Dataset excerpt:
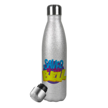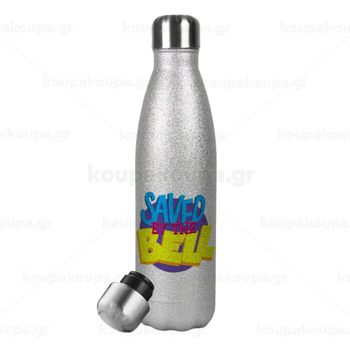 Saved by the Bell, Μεταλλικό παγούρι θερμός Glitter Aσημένιο (Stainless steel), διπλού τοιχώματος, 500ml
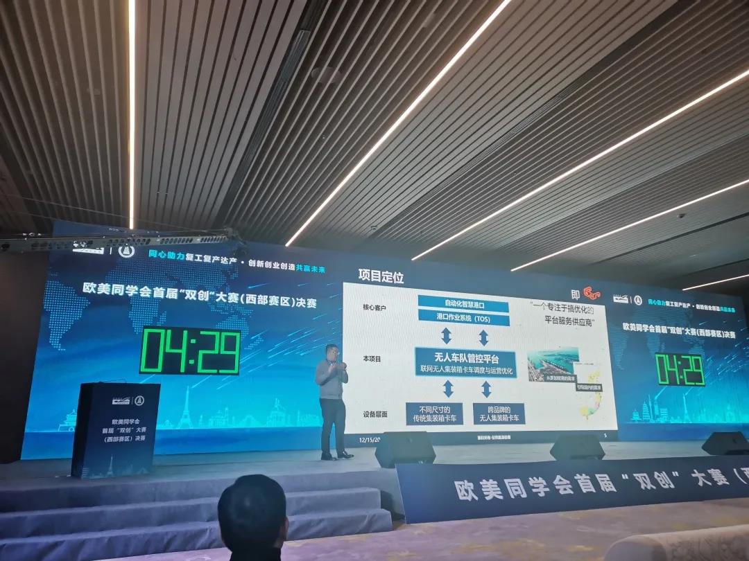 12月15日,小奶猫直播 周琛淏教授与薛力助理教授、原梦雪同学参加了由欧美同学会组织的首届“双创”大赛(西部赛区)决赛,参赛项目为“‘智慧码头’无人车队管控平台—联网无人集装箱卡车的控制调度与运营优化”。
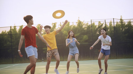 Catch the frisbee Group of young people in casual wear throwing plastic disk while spending carefree time outdoors : Generative AI

Required work: Pictures aside, reproduce the listing above exactly.

Result for this exercise:
 Saved by the Bell, Μεταλλικό παγούρι θερμός Glitter Aσημένιο (Stainless steel), διπλού τοιχώματος, 500ml
 12月15日,小奶猫直播 周琛淏教授与薛力助理教授、原梦雪同学参加了由欧美同学会组织的首届“双创”大赛(西部赛区)决赛,参赛项目为“‘智慧码头’无人车队管控平台—联网无人集装箱卡车的控制调度与运营优化”。
 Catch the frisbee Group of young people in casual wear throwing plastic disk while spending carefree time outdoors : Generative AI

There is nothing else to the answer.